Thanks for sharing your story. I'm glad that this doctor has helped you. Your story is the latest of the many I've read here in my few months at this forum that have inspired me and continue inspire me to speak up, advocate for myself, make changes, and stay determined to get to the bottom of what's going on, no matter how uncomfortable the consequences. This has been the greatest source of support in joining this community.

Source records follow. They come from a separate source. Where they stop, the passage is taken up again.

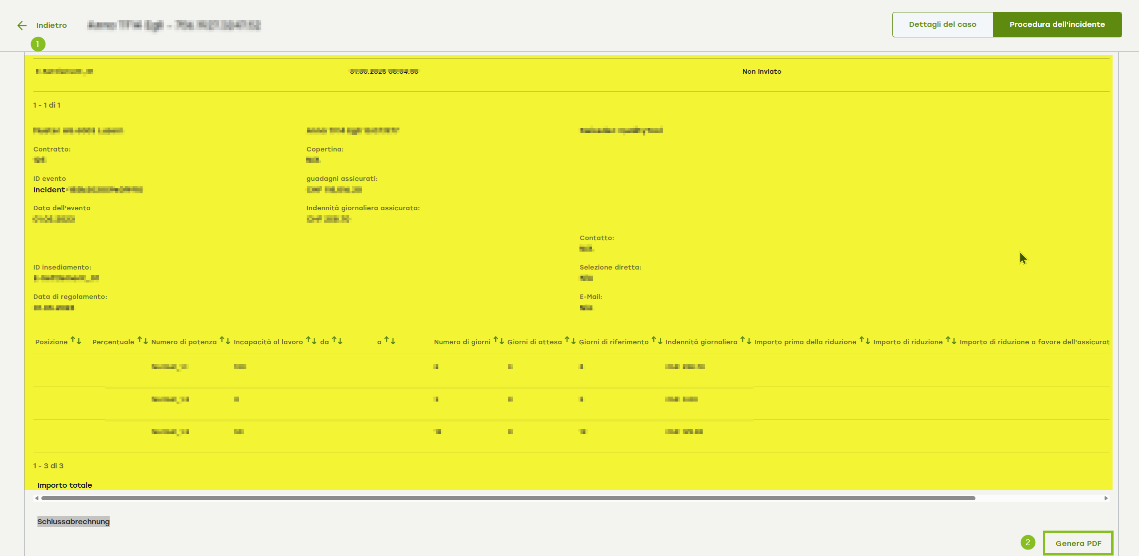 Se si desidera scaricare il conteggio in formato PDF, cliccare su «Genera PDF» (2).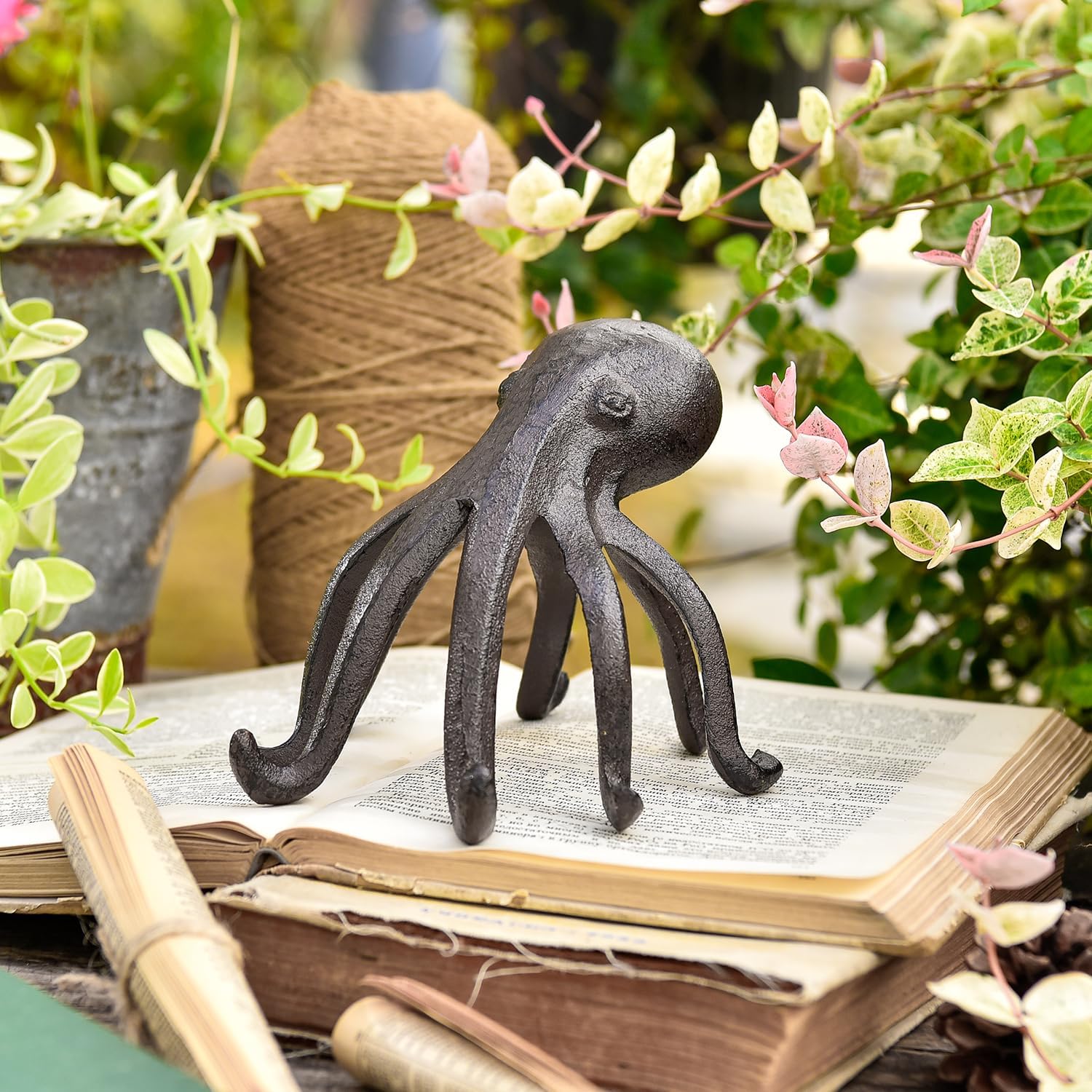 Sungmor Cast Iron Octopus Statue, Decorative Bookend, Cute Sculpture on Bookshelf or Desk, Creative Cell Phone Holder, Octopus Stand for Tablet, Black Brown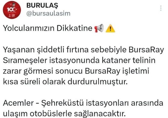 “Yaşanan şiddetli fırtına sebebiyle BursaRay Sırameşeler istasyonunda kataner telinin zarar görmesi sonucu BursaRay işletimi kısa süreli olarak durdurulmuştur. Acemler – Şehreküstü istasyonları arasında ulaşım otobüslerle sağlanacaktır.”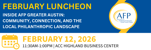 AFP Greater Austin invites you to a networking lunch focused on what’s next for the fundraising community in 2026. AFP Greater Austin Executive Director Jayden Beatty will outline the Chapter’s priorities for the year ahead, highlight the many ways fundraisers, nonprofit leaders, and community partners can plug in and benefit from AFP’s resources, and share data based insights into the philanthropic landscape.

I wish you all the best! Happy New Year! 🎉

Further to my previous post I have just had a further consultation with the Cardiologist dealing with me and have given my agreement to the biventricular defibrillator that he has recommended. His letter confirming the procedure (although no firm date as yet) contains some further information. The device to be fitted is a CRT-D (usually 3 lead) but he will only use 2 leads to the ventricles to better synchronise their function, he now has additionally, post op, prescribed Entresto and states, if following implantation, that, "if he persists (me) with poor AF rate control and poor biventricular pacing on his pacemaker checks, we will refer him for an AV node ablation". That will mean, I will be 100% pacemaker reliant which bothers me a bit. I have read that although AV node ablation completely knocks out electrical signals from the atria to the ventricles they will still beat albeit slowly but nevertheless keeping a person alive for long enough to to seek medical help? Any thoughts?

Hidden
Hidden
in reply to reedman

I hope someone who knows about this will reply to you.

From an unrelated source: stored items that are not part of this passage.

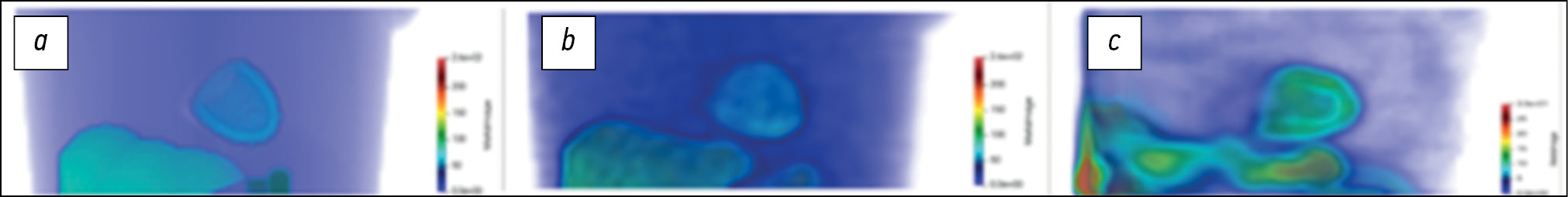 Fig. 5. Distribution of the radiopharmaceutical 99mTc-MIBI in the chest organs: a - phantom; b - reconstruction; c — clinical case. A clinical case was obtained during examination of a patient using single-photon emission computed tomography at the Federal State Budgetary Institution “National Medical Research Center for Cardiology named after Academician E.I. Chazov" of the Ministry of Health of the Russian Federation.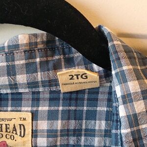 Red Head Blue Plaid Men's 2X Cotton Casual Button Down Short Sleeve Shirt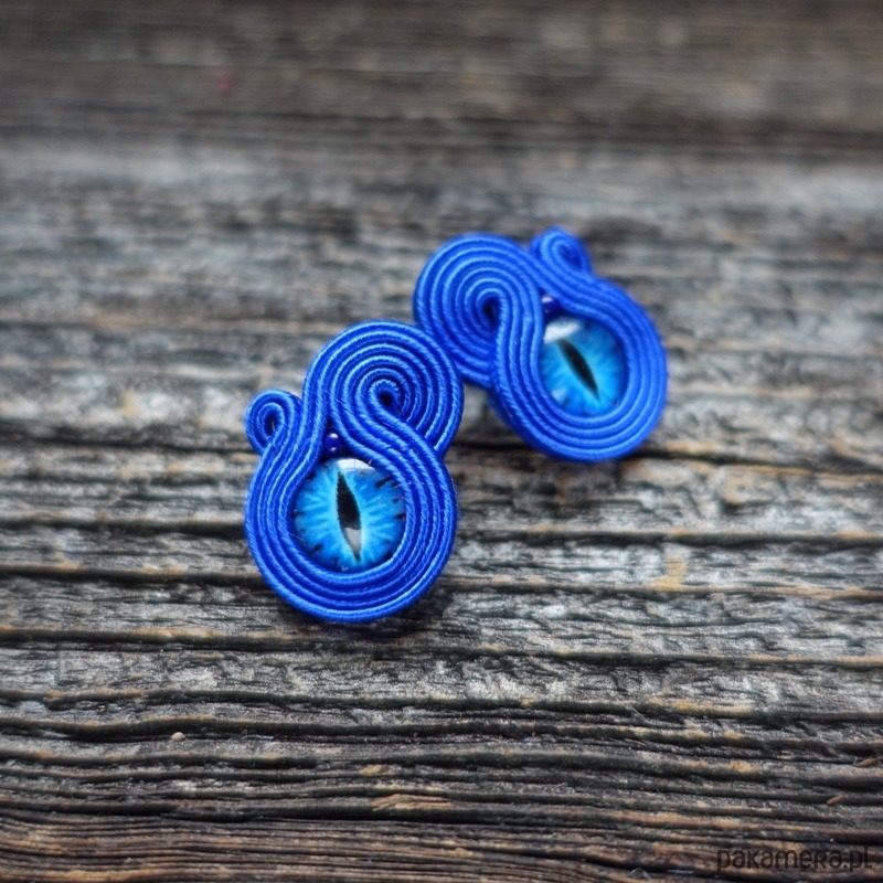 Materiały: sznureczki sutasz, szklane kaboszony oczy, sztyfty ze stali chirurgicznej;

It sounds to me like one of the slightly scary things that one feels one would not wish to have but when one hears from people who have had it done, they seem to rate it quite highly.

oyster
oyster
in reply to reedman

Confusing, isn’t it? After ablation of the AV node, the pacemaker takes over the function of the AV node. No question of having to seek help urgently. A big plus is that your ventricles would be beating regularly.

reedman
reedman
in reply to oyster

The regular beat I would look forward to; the 100% pacemaker reliability bit.....

oyster
oyster
in reply to reedman

If the pacemaker fails your ventricles will continue to beat at their intrinsic rate around 40 bpm. Battery failure is a very gradual process over months and with modern boxes with a remote sensor function the technicians will know about it long before you are aware of any problem.

reedman
reedman
in reply to oyster

Thanks Oyster that's comforting to know!

I've now got the date for my CRT-D implant procedure as the 11th Feb 0800. Can't wait! Will let all interested know more after a week or two after that. Thanks again everybody for your support.